━━━━━ Records
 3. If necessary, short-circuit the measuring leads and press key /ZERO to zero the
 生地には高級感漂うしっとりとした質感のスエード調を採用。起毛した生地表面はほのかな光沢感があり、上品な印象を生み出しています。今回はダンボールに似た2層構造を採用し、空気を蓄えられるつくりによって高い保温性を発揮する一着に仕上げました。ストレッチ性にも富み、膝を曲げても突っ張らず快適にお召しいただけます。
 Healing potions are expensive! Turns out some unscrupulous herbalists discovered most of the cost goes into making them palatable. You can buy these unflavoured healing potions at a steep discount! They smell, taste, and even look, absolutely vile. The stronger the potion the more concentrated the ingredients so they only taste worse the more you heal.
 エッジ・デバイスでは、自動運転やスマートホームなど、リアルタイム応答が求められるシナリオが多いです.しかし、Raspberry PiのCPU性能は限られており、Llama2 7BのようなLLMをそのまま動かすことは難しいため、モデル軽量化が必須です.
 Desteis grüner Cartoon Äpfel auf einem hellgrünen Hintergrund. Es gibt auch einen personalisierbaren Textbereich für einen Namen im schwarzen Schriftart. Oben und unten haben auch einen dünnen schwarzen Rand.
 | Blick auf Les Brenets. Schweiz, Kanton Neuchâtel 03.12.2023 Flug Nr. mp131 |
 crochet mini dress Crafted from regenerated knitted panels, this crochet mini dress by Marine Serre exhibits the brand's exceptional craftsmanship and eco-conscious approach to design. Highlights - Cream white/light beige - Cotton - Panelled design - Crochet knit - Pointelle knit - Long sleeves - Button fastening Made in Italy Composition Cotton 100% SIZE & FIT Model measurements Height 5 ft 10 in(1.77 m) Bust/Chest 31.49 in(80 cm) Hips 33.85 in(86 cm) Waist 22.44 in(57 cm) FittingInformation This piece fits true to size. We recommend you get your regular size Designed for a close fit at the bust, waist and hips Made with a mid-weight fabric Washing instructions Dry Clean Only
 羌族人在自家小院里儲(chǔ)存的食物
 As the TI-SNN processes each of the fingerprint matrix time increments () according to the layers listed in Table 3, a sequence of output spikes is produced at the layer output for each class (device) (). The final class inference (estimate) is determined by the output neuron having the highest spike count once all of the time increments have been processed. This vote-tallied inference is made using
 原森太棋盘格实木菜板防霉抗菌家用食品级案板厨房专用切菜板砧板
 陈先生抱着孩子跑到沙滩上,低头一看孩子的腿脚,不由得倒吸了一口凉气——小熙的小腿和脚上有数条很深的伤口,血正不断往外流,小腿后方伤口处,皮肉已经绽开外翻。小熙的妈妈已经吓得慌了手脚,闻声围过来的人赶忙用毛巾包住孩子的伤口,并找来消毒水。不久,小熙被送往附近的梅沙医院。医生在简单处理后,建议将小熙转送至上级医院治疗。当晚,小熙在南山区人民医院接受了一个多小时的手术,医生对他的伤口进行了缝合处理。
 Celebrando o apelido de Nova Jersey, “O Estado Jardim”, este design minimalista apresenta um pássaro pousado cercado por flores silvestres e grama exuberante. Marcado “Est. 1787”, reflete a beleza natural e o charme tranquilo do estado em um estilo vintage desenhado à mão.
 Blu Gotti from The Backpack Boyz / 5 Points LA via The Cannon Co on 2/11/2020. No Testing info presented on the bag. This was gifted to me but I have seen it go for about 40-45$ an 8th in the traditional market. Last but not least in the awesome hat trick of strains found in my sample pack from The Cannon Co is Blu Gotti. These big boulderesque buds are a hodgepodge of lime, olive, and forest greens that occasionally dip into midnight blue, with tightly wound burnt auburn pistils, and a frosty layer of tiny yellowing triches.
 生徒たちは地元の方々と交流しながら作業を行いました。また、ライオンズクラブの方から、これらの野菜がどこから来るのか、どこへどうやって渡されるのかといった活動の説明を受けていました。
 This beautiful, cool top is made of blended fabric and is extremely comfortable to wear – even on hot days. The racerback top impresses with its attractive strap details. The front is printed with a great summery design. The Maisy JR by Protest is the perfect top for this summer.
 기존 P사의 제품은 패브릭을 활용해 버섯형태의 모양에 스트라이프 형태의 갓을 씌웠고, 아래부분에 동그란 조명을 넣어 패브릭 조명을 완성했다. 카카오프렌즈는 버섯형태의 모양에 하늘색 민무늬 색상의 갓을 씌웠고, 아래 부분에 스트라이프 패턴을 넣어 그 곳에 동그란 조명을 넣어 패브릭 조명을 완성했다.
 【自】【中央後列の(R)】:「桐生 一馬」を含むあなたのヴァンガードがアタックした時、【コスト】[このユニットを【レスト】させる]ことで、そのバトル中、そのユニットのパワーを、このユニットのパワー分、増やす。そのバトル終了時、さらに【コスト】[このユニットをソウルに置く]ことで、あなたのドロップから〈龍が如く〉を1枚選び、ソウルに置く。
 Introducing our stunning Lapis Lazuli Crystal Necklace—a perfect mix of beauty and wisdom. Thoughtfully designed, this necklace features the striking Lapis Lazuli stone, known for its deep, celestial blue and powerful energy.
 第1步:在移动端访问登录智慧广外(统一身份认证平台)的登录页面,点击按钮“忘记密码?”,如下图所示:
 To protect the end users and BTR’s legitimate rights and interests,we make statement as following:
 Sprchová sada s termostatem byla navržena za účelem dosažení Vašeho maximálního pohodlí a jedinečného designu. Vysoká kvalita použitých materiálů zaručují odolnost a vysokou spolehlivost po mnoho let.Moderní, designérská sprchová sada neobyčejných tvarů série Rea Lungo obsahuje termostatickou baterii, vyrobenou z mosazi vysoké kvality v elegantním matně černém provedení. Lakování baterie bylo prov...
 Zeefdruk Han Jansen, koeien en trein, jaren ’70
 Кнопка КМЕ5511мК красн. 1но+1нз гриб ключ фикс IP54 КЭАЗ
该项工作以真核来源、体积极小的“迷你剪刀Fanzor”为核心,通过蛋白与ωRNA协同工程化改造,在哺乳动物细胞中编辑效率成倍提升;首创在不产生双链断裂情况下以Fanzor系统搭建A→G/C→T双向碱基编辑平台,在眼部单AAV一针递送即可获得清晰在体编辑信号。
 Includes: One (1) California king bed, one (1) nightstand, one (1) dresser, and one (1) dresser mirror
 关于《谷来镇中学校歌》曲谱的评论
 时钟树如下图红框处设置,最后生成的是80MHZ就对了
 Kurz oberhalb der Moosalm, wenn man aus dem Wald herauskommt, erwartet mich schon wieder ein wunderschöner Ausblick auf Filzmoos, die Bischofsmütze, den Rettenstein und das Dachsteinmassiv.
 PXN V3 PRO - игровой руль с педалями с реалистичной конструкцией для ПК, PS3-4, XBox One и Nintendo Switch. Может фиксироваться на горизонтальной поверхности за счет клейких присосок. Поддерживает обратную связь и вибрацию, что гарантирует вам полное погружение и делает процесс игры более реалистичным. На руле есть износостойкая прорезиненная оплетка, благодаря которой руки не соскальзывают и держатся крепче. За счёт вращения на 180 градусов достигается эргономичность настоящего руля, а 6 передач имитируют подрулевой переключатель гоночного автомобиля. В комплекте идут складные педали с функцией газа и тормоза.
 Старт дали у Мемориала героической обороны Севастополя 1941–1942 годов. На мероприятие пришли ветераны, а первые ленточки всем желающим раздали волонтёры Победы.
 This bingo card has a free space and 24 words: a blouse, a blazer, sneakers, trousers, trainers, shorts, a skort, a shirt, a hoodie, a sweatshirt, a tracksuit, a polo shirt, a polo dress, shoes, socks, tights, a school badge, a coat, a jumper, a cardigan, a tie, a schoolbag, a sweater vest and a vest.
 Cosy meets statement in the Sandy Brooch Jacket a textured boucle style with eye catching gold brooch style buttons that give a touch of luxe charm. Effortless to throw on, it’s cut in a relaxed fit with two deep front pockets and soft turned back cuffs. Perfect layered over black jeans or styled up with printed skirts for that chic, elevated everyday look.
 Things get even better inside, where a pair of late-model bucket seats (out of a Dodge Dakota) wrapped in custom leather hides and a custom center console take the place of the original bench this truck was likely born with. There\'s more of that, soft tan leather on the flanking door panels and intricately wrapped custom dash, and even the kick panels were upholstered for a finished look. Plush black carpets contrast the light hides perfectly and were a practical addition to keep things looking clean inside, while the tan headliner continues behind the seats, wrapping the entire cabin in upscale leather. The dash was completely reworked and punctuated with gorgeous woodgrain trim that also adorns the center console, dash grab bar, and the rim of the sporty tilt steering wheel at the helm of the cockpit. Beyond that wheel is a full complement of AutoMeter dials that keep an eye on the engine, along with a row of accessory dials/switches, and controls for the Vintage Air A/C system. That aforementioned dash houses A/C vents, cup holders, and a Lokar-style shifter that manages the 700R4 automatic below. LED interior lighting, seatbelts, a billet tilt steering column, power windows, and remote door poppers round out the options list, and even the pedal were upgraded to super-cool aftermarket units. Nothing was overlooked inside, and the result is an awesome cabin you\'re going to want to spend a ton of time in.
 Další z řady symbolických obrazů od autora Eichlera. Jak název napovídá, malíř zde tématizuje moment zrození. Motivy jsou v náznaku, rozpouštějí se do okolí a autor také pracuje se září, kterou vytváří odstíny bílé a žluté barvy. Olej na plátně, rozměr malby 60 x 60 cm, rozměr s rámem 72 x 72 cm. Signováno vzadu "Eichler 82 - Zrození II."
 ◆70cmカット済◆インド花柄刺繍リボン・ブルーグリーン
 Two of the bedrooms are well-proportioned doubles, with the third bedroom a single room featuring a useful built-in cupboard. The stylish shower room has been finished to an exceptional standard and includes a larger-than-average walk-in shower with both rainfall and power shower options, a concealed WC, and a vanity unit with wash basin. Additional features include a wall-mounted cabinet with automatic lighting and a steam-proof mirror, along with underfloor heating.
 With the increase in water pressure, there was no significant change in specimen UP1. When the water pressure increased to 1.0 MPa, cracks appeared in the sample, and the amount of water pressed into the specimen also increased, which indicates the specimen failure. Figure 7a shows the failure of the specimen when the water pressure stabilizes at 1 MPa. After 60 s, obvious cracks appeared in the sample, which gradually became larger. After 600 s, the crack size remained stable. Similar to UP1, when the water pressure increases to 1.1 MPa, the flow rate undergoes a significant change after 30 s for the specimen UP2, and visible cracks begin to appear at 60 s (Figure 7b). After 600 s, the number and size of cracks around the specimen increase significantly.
━━━━━━━━━━
§ Requirement
In the listing above, find the line containing "陈先生抱着孩子跑到沙滩上,低" and the line containing "生徒たちは地元の方々と交流し", then quote both, plus every line between them, exactly as written.

§ Response box
 陈先生抱着孩子跑到沙滩上,低头一看孩子的腿脚,不由得倒吸了一口凉气——小熙的小腿和脚上有数条很深的伤口,血正不断往外流,小腿后方伤口处,皮肉已经绽开外翻。小熙的妈妈已经吓得慌了手脚,闻声围过来的人赶忙用毛巾包住孩子的伤口,并找来消毒水。不久,小熙被送往附近的梅沙医院。医生在简单处理后,建议将小熙转送至上级医院治疗。当晚,小熙在南山区人民医院接受了一个多小时的手术,医生对他的伤口进行了缝合处理。
 Celebrando o apelido de Nova Jersey, “O Estado Jardim”, este design minimalista apresenta um pássaro pousado cercado por flores silvestres e grama exuberante. Marcado “Est. 1787”, reflete a beleza natural e o charme tranquilo do estado em um estilo vintage desenhado à mão.
 Blu Gotti from The Backpack Boyz / 5 Points LA via The Cannon Co on 2/11/2020. No Testing info presented on the bag. This was gifted to me but I have seen it go for about 40-45$ an 8th in the traditional market. Last but not least in the awesome hat trick of strains found in my sample pack from The Cannon Co is Blu Gotti. These big boulderesque buds are a hodgepodge of lime, olive, and forest greens that occasionally dip into midnight blue, with tightly wound burnt auburn pistils, and a frosty layer of tiny yellowing triches.
 生徒たちは地元の方々と交流しながら作業を行いました。また、ライオンズクラブの方から、これらの野菜がどこから来るのか、どこへどうやって渡されるのかといった活動の説明を受けていました。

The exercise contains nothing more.